GAM launches UCITS III global convertible bond fund

Wednesday, January 26, 2011

GAM continues to expand its UCITS III absolute return range with the launch of GAM Star Global Convertible Bond, The fund is co-managed by experienced in-house managers Ben Helm and Alex McKnight and is backed by the resources of the wider GAM fixed income team.

The managers employ a flexible, value-driven investment approach designed to perform across market environments and to have low correlation to both equities and bonds. Their 35 years’ combined experience in convertibles enables them to extract value during different stages of the market cycle using an active non-benchmarked style. This approach is well established and has been successful in their offshore convertible bond hedge fund, which has outperformed its benchmark from inception in July 2005 to December 2010.

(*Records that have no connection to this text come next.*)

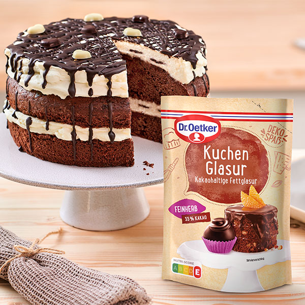 Die Dr. Oetker Kuchenglasur Feinherb ist ideal, um Gebäck eine edle Note zu verleihen. Die feinherbe Glasur bietet intensiven Schokoladengeschmack ohne zu viel Süße und eignet sich wunderbar für kreative Dekorationen.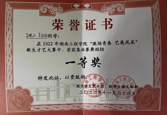 最终,吴佳临、黄子娟、吕晓玉、陶婷、张昕怡、戴乐瑶同学闯入决赛。在决赛的舞台中,吴佳临和吕晓玉夺得了团体赛舞蹈组冠军,吕晓玉获得个人赛舞蹈组三等奖,戴乐瑶和张昕怡获得了团体赛声乐组二等奖,黄子娟和陶婷获得了团体赛舞蹈组优胜奖,戴乐瑶在个人赛声乐组中获得优胜奖。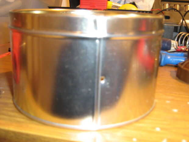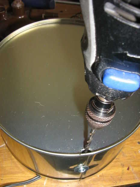 Hacer un agujero en la parte posterior de la lata, para pasar los cables a la parte exterior.

Ben Helm, Investment Manager, said: “We believe that convertible bond markets are ultimately driven by economic fundamentals, so first and foremost we establish a global macro outlook in cooperation with the broader fixed income team. Since growth areas are often accompanied by volatility, and volatility creates opportunities for convertibles, we then analyse what is driving growth from a micro, geographical and industry sector level. These areas of growth are where we focus our bottom-up fundamental company analysis to select convertible bond issuers that are attractive from both an equity analysis and a credit analysis perspective.”

Commenting on the outlook for convertibles in 2011, Alex McKnight, Investment Manager said: “The convertibles market is enjoying structural growth thanks to a widening set of investors who recognise that the asset class gives them the potential to capture equity upside in bull markets while protecting the downside during equity bear markets. In addition, the current optimism surrounding equity markets due to expectations of rising interest rates, coupled with longer-term economic uncertainty mean that cyclical conditions are also very supportive for convertibles investors over the next 12 months.”

The team has been running long only, absolute return and hedge fund convertible products for the last five years and is responsible for assets of approximately USD 1.7 billion as at 31 December 2010.